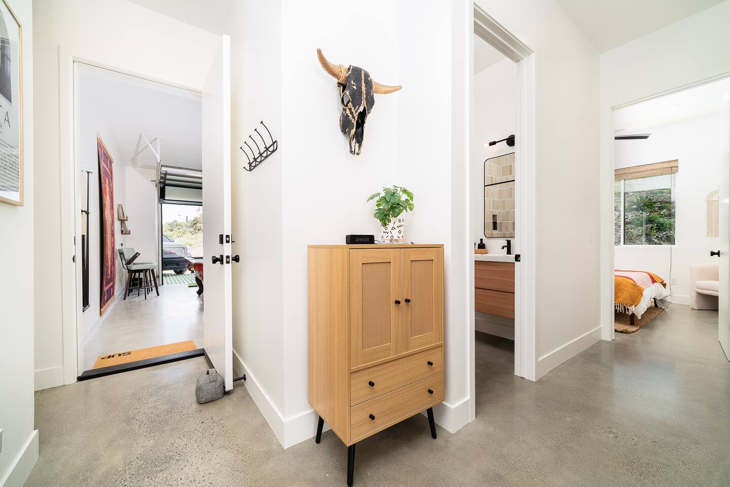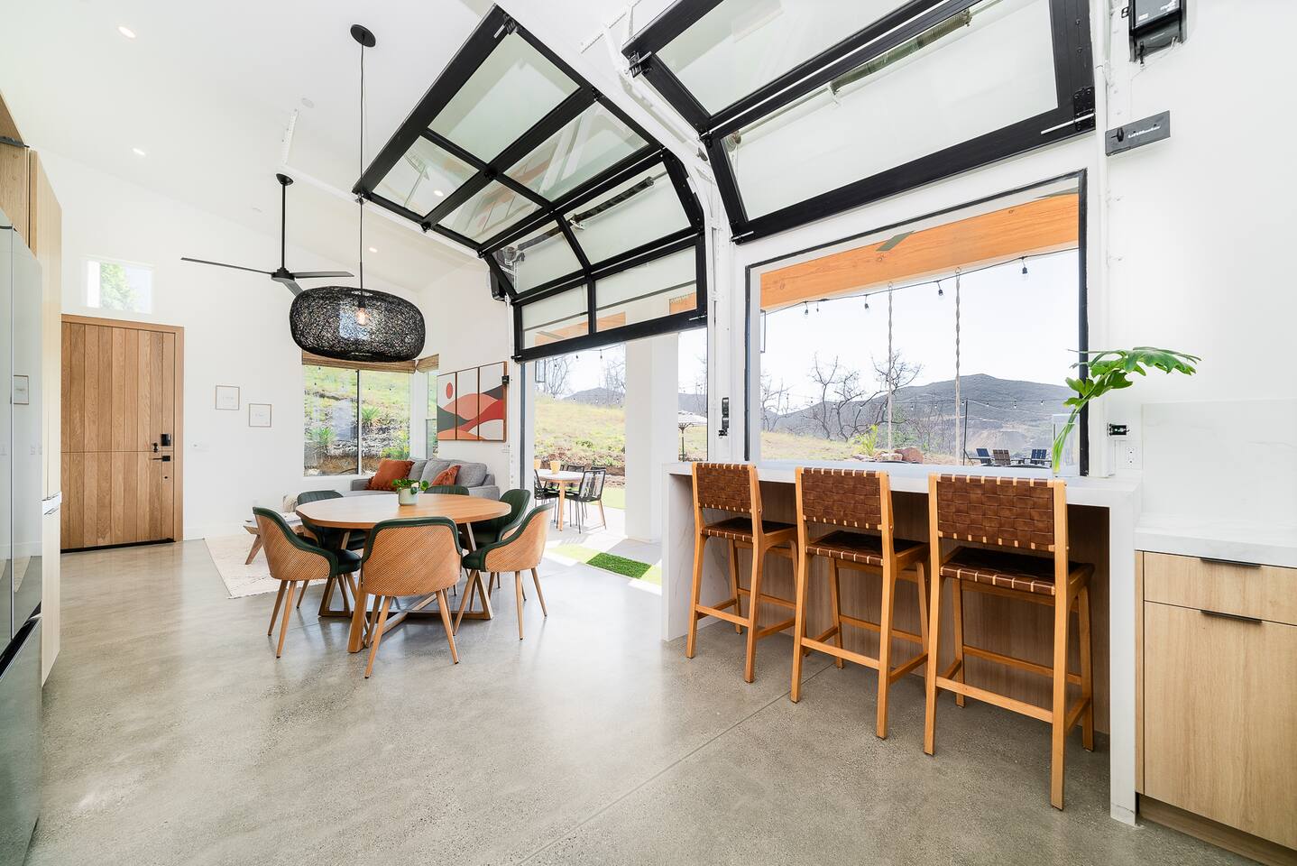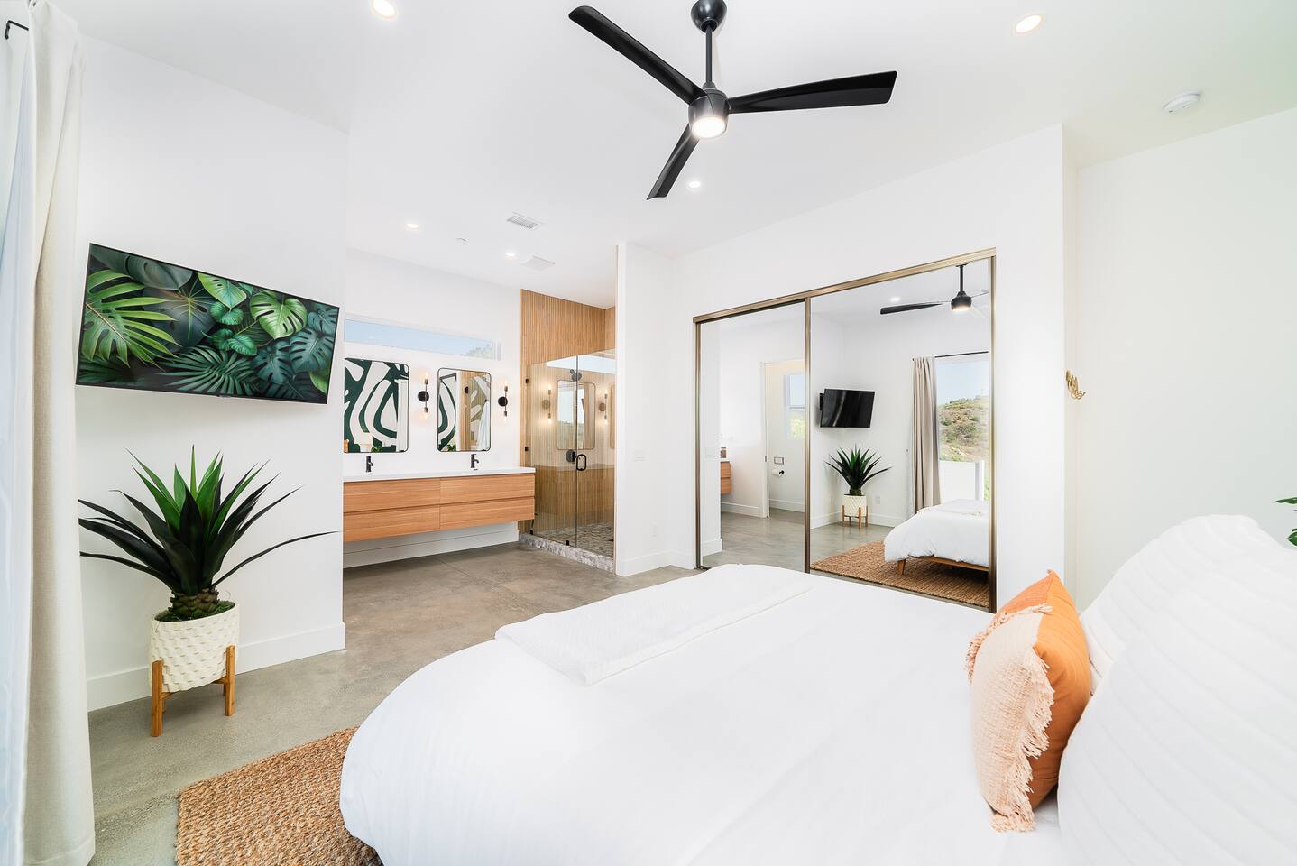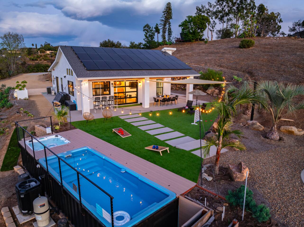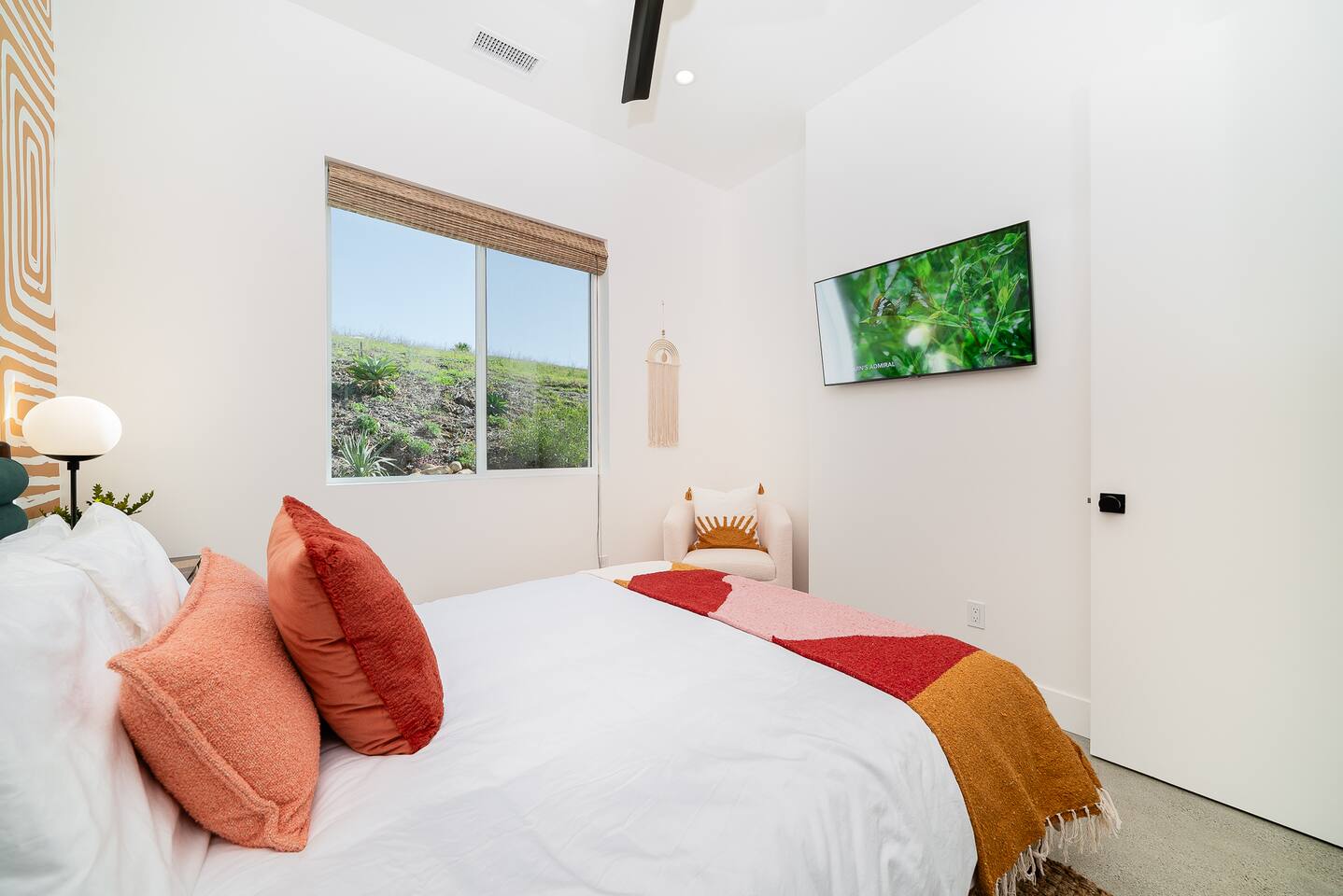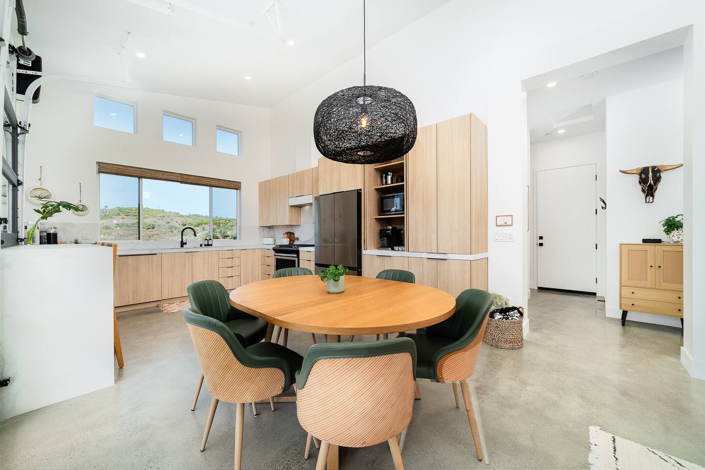 The Hideaway is where luxury meets nature, experience a truly unique retreat at our Vista property. Nestled away from the noise and stress of daily life, yet 15 minutes to amenities, this peaceful getaway is perfect for nature lovers and those in search of serenity. Escape the everyday and reconnect with the stunning beauty of the outdoors. It’s the ultimate “get away from it all” destination! *Can be booked with our 2 person unit on the same property for a total of 12 guests* (Inquire for details) **Featured on TV!** Vista Valley Hideaway caught the eye of real estate producer, Ty Hines, and our property was featured on SD Luxury Listings TV! Step inside and take in breathtaking panoramic views from the moment you arrive. The living room is a true showstopper, featuring a roll-up glass door that blurs the line between indoors and out—letting that perfect California sunshine and breeze flow right in. Outside, unwind on the covered patio, dive into the heated pool (kept at a comfy 78+-° during peak season at no extra charge, April–Oct, but can be heated during winter months for a small daily fee), or gather around the fire pit for starlit evenings and alfresco dining. Just 15 minutes from downtown, this pet-friendly oasis offers the perfect mix of relaxation, nature, and easy access to local fun. This open concept design allows people in the kitchen to connect with everybody in the dining area, living rooms, and even the outdoor spaces. Want to make a special meal for all of your guests? Enjoy all the amenities that this chef’s kitchen offers! Want to pass some appetizers out to the guests outside- no problem! The “pass through” servery kitchen window brings function and beauty to the space. You can choose to eat at the dining room table that seats 6, the servery window with bar stool seating that sits 6, and steps away you can take in the gorgeous views under the covered patio with an outdoor table that seats 8. This spacious vacation home offers three beautifully appointed bedrooms that all include 45” televisions. The master bedroom suite boasts a luxurious king-size bed, offering a regal night's sleep where you wake up to the beautiful surrounding mountain views! Take your freshly brewed cup of coffee right outside through the master bedrooms sliding glass doors and enjoy the outdoor furniture accompanying your bedroom suite. The en-suite master bathroom features a dual vanity, luxurious modern shower, and toilet room. The second bedroom features a comfortable queen-size bed, and the third bedroom is perfect for families with a full-size bunk bed that sleeps 4 children (or 2 adults) and a pullout twin trundle bed which sleeps 1 more, providing a cozy and efficient sleeping space. But the magic of this space extends beyond the bedrooms. Our living room and game room are versatile areas for relaxation and entertainment. Need extra sleeping options? No problem. The living room and game room both have pull-out queen-size sofa beds and we also have a full size air mattress. We can accommodate a total of 8 guests on the property comfortably. The game room, aka The Big Lebowski “Dude room”, features a pool table, Pac-Man machine, PlayStation 5, and board games; adding an extra layer of entertainment to your stay. And for the ultimate in relaxation, don't forget to unwind in the hot tub and pool, taking in the breathtaking surroundings. You'll love this private space! What are you waiting for? Come experience the perfect balance of nature and luxury at our Vista property today, where you can escape from it all and create memories to last a lifetime!
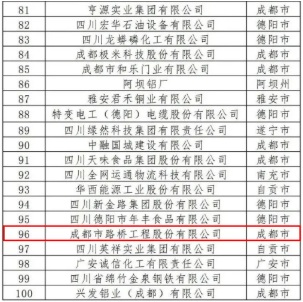 宏義集團憑借穩健的發展態勢和良好的經營業績,連續三年登榜,位居第40位;同時,宏義集團控股上市公司成都市路橋工程股份有限公司也再度入圍四川民營企業100強。
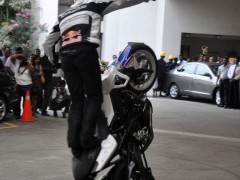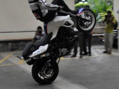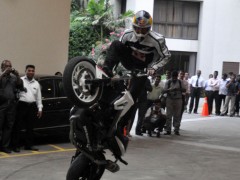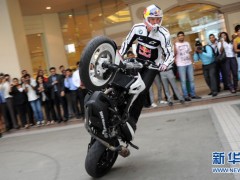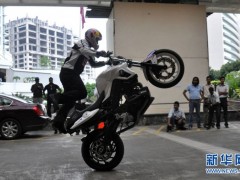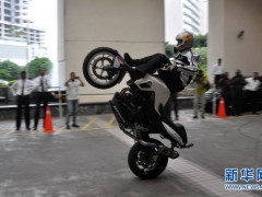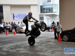 28日,在斯里蘭卡首都科倫坡進(jìn)行的摩托車特技表演。

What you are asked to do: Output all of the data above exactly; no pictures should appear.

Task output:
 The Hideaway is where luxury meets nature, experience a truly unique retreat at our Vista property. Nestled away from the noise and stress of daily life, yet 15 minutes to amenities, this peaceful getaway is perfect for nature lovers and those in search of serenity. Escape the everyday and reconnect with the stunning beauty of the outdoors. It’s the ultimate “get away from it all” destination! *Can be booked with our 2 person unit on the same property for a total of 12 guests* (Inquire for details) **Featured on TV!** Vista Valley Hideaway caught the eye of real estate producer, Ty Hines, and our property was featured on SD Luxury Listings TV! Step inside and take in breathtaking panoramic views from the moment you arrive. The living room is a true showstopper, featuring a roll-up glass door that blurs the line between indoors and out—letting that perfect California sunshine and breeze flow right in. Outside, unwind on the covered patio, dive into the heated pool (kept at a comfy 78+-° during peak season at no extra charge, April–Oct, but can be heated during winter months for a small daily fee), or gather around the fire pit for starlit evenings and alfresco dining. Just 15 minutes from downtown, this pet-friendly oasis offers the perfect mix of relaxation, nature, and easy access to local fun. This open concept design allows people in the kitchen to connect with everybody in the dining area, living rooms, and even the outdoor spaces. Want to make a special meal for all of your guests? Enjoy all the amenities that this chef’s kitchen offers! Want to pass some appetizers out to the guests outside- no problem! The “pass through” servery kitchen window brings function and beauty to the space. You can choose to eat at the dining room table that seats 6, the servery window with bar stool seating that sits 6, and steps away you can take in the gorgeous views under the covered patio with an outdoor table that seats 8. This spacious vacation home offers three beautifully appointed bedrooms that all include 45” televisions. The master bedroom suite boasts a luxurious king-size bed, offering a regal night's sleep where you wake up to the beautiful surrounding mountain views! Take your freshly brewed cup of coffee right outside through the master bedrooms sliding glass doors and enjoy the outdoor furniture accompanying your bedroom suite. The en-suite master bathroom features a dual vanity, luxurious modern shower, and toilet room. The second bedroom features a comfortable queen-size bed, and the third bedroom is perfect for families with a full-size bunk bed that sleeps 4 children (or 2 adults) and a pullout twin trundle bed which sleeps 1 more, providing a cozy and efficient sleeping space. But the magic of this space extends beyond the bedrooms. Our living room and game room are versatile areas for relaxation and entertainment. Need extra sleeping options? No problem. The living room and game room both have pull-out queen-size sofa beds and we also have a full size air mattress. We can accommodate a total of 8 guests on the property comfortably. The game room, aka The Big Lebowski “Dude room”, features a pool table, Pac-Man machine, PlayStation 5, and board games; adding an extra layer of entertainment to your stay. And for the ultimate in relaxation, don't forget to unwind in the hot tub and pool, taking in the breathtaking surroundings. You'll love this private space! What are you waiting for? Come experience the perfect balance of nature and luxury at our Vista property today, where you can escape from it all and create memories to last a lifetime!
 宏義集團憑借穩健的發展態勢和良好的經營業績,連續三年登榜,位居第40位;同時,宏義集團控股上市公司成都市路橋工程股份有限公司也再度入圍四川民營企業100強。
 28日,在斯里蘭卡首都科倫坡進(jìn)行的摩托車特技表演。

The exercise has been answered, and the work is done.